Revenge – Episode 5

Synopsis of episode:

Lydia (Amber Valletta, or faux Michelle Pfeiffer Ghost Lady in ‘What Lies Beneath‘. That movie was awesome, btw) returns to the Hamptons wanting the her house back from Emily (“Emanda”/Main Girl) as well as wanting to return in the inner circle of the Hampton women, just in time to take part in the annual Flight 197 victims fundraiser.
(NerdyCuteTechnologyCreep whose wardrobe happens to crack me up, ALSO just realized he was in a few episodes of ‘Mad Men’ and was Betty Draper’s horseback riding buddy who wanted a piece*) puts a hidden camera in Emily’s house which then gets shipped to Lydia’s apartment, with Nolan finding out that Lydia is beginning to suspect Emily.

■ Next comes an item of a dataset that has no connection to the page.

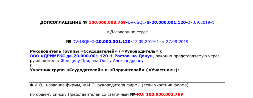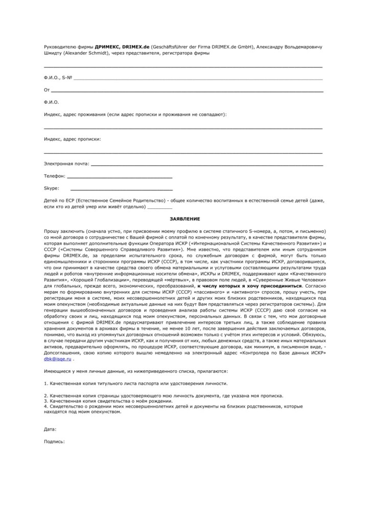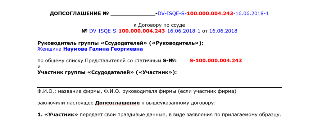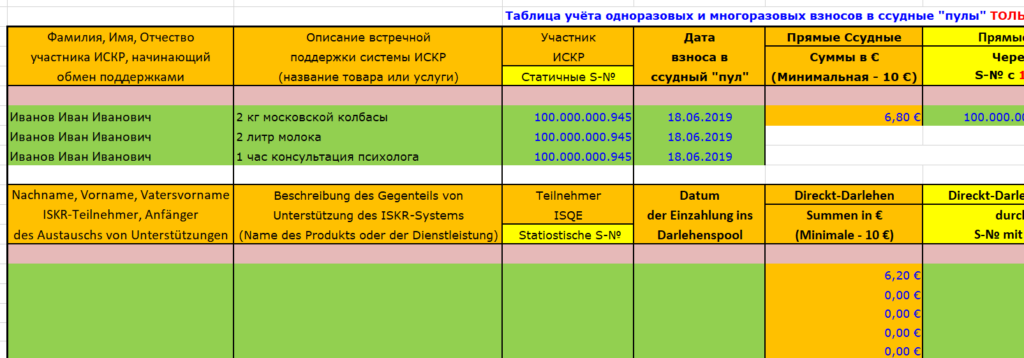 Для скачивания в свой комьютер документа под названием:Заявление на вступление в ИСКРнажмите на ее название или на картинку справа Для скачивания в свой комьютер документа под названием:Перечень мест по «причастности» ИСКРнажмите на ее название или на картинку справа Для скачивания в свой комьютер документа под названием:Подстраховочная таблица для ФИЗИЧЕСКИХ лицнажмите на ее название или на картинку справа Для скачивания в свой комьютер документа под названием:Образец обозначения папочек документов на новых участников ИСКРнажмите на ее название или на картинку справа Для скачивания в свой комьютер документа под названием:Подстраховочная таблица для привлеченных ЮРИДИЧЕСКИХ лицнажмите на ее название или на картинку справа Для скачивания в свой комьютер документа под названием:Дополнительная таблица для уже зарегистрированных представителей, которые желают участвовать (одноразово или многократно) в формировании «ссудных пулов» через других или напрямую от себянажмите на ее название или на картинку справа Для скачивания в свой комьютер документа под названием:Текст Допсоглашения по “Прямым ссудам” (ТОЛЬКО для зарегистрированных физических юридических участников ИСКР)нажмите на ее название или на картинку справа Для скачивания в свой комьютер документа под названием:Допсоглашение по «прямой ссуде», для организации совместных предприятийнажмите на ее название или на картинку справа Для скачивания в свой комьютер документа под названием:Таблица по «Подвижной рекламе»нажмите на ее название или на картинку справа Для скачивания в свой комьютер документа под названием:Таблица по «Недвижимой рекламе»нажмите на ее название или на картинку справа Для скачивания в свой комьютер документа под названием:Таблица по «Вводимым показателям активности»нажмите на ее название или на картинку справа Для скачивания в свой комьютер документа под названием:Таблица по «Сдвинутому Потоку»нажмите на ее название или на картинку справа Для скачивания в свой комьютер документа под названием:Некоторые ограниченные данные по базенажмите на ее название или на картинку справа Для скачивания в свой комьютер документа под названием:Калькулятор для определения размеры «прямой ссуды» при создании совместной фирмы для стран, у которых минимальный уставной капитал фирмы превышает 10.000 рублейнажмите на ее название или на картинку справа Для скачивания в свой комьютер документа под названием:Образец письма по “растоможке” поддержкинажмите на ее название или на картинку справа Для скачивания в свой комьютер документа под названием:Сравнительная таблица между существующей схемой приобретения товаров и нашей схемой обмена поддержками в “Качественном Развитии”нажмите на ее название или на картинку справа Для скачивания в свой комьютер документа под названием:Таблица учёта одноразовых и многоразовых обменов за ИСКР только для зарегистрированных участниковнажмите на ее название или на картинку справа Для скачивания в свой комьютер документа под названием:Таблица учёта одноразовых и многоразовых обменов за DRIMEX только для зарегистрированных участниковнажмите на ее название или на картинку справа Для скачивания в свой комьютер документа под названием:Калькулятор расчета “Залоговой Емкости”нажмите на ее название или

Time to reflect on some things:

1. I can’t believe that I haven’t yet mentioned how upset I get whenever I see Queen Victoria Grayson’s tacky-ass cursive throne/chair. It doesn’t match her home decor!!! Also, I think it’s hilarious that only SHE is allowed to sit in the chair during her damn fancy Hampton’s meetings. See below:

2. While both adorable, I totally believe that Emanda and non-aging-Benjamin Buttons-dog Sammy totally prove that dogs often physically resemble their owners.

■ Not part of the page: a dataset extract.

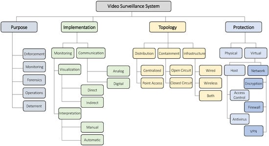 To get a better understanding of IP-based video surveillance systems, in Figure 1, we present a taxonomy of their concepts. In general, a system can be described in terms of its purpose, implementation, topology, and protection. We will now detail each of these aspects. To create it, we started with a basic taxonomy which is based on common knowledge and our experience in cyber security. We then evolved the taxonomy based on input from surveillance system engineers, security experts, and the papers, vulnerability disclosures, and reports which we reviewed. We verified that the information could be mapped to our taxonomy, and, if not, we updated it.
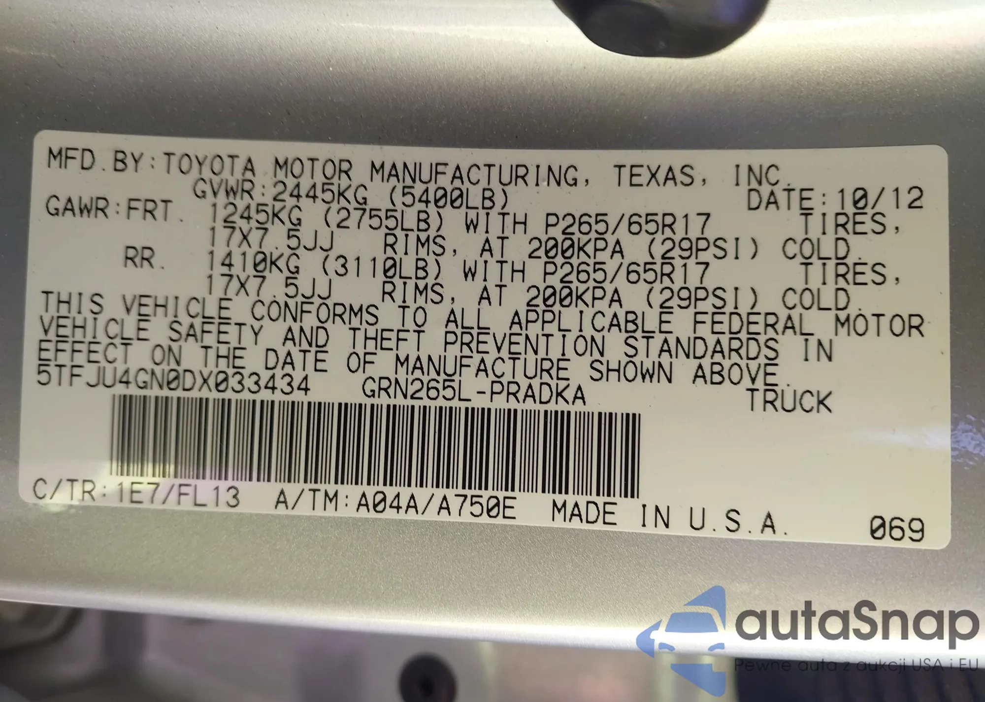 LOT: 43907939 VIN: JTEZU5JR7C5037314

3. Does Daniel Grayson’s Sleezebag Harvard friend actually, like, live anywhere?? I mean, he just kind of showed up out of the blue and then decided that he’s working for his friend’s Dad (who’s also sleezy)? Is that how people get jobs now? Did I miss something?

4. Queen Victoria gives her daughter (Charlotte) a Mercedes convertible as an “I’m Sowry” gift after she found out that Victoria wishes that she’d never birthed her or something. Then, stupid-ass Charlotte plays the “I’m just a poor little rich girl ::angsty sadface::” card to her new boytoy (who is hot bar owner guy’s little bro). Umm.. bitch needs to shut her damn mouth. If somebody gives you a car (or even a taco in my case) you tell them that you forgive their ass. Effing Brat. I bet she thinks that Mercedes convertibles and tacos grow on trees.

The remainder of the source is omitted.